Turning Point

Before a special experience in eighth grade, clarinet playing was only a filler for the required music credit. Every other day, I'd pull out my instrument in the band room like I would pull out my calculator in math class, and try to play the right notes for the right lengths at the right time. The day before a band quiz, I would spend ten minutes rehearsing a passage so I'll receive a check plus like I would study for a history test. My private lesson teacher probably loathed our lessons as much as I did because she and I both knew that we had forty-five minutes of lecturing, and being lectured, about good practicing habits ahead of us.

Yes, this was before a very special experience in eighth grade - one that altered my perception of music and clarinet playing as a whole.

After spending two months working with me on the same music and realizing that I cannot sound any better without practice, my teacher assigned me a new piece -- a clarinet sonata by Saint Saen.

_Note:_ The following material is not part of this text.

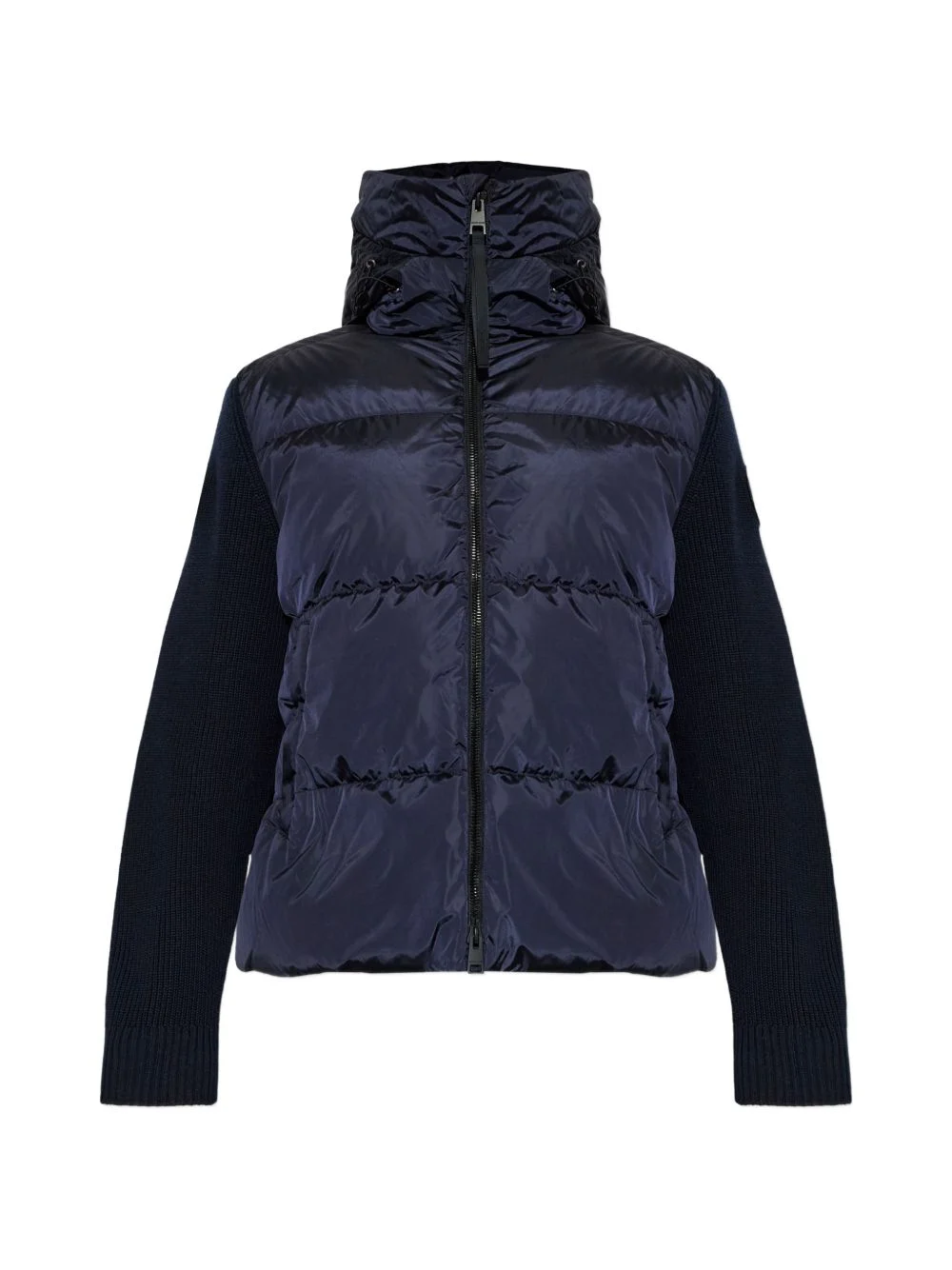 hooded panelled jacket Highlights - Dark blue - Panelled design - Hooded - Zip fastening - Logo patch - Knitted sleeves Imported Composition Polyamide 100% Washing instructions Read Manufacturer Guidelines

She also gave me a CD with Paul Meyer playing the same piece. I've never listened to any classical CDs before this one, and was as enthusiastic about listening to it as I was about practicing. However, I still popped it into my CD player one night when I had nothing better to do.

Wow.

That night was the first time music really appealed to me. I found myself melting in the cradling of the first movement, waving my arms insanely to the intense melody of the fourth and gasping at every unique harmony in between. The whole twenty minutes of the piece was an emotional journey that brought me from laughter to tears. And I loved it! The recording left a burning desire in me to recreate what I heard, and to move other people the same way this music has moved me. So I practiced my head off.

My teacher recalls the lesson that following week: "He strode into the room confidently and played everything correctly the first time through!" That was one of the greatest private lessons I ever had. Having gotten the mechanical obstacles out of the way, my teacher and I worked on real music - phrasing, interpretation, etc. And we played a whole movement through without stopping in the middle. For the first time, I felt the coherence and passion of a continuous piece of music. Coming out of MY instrument! The lesson went over time because we enjoyed rehearsing the sonata so much.

I've been practicing clarinet and performing regularly ever since then. The most satisfying moments would be during a performance, when I notice members of the audience swaying in their seats to my melody and breathing with my phrases. The ability to touch people's hearts has always been something I wished to possess, and I find it truly a thrilling sensation to guide my audience through the same emotional journey that I embarked on that night. Clarinet playing is a part of me now, and I have decided to pursue it as a career even though all of my relatives insinuate (very nicely, of course) that I will starve. I could easily say that the turning point in my life would be Saint Saen's clarinet sonata; it is what revealed to me the power of music and my own potential.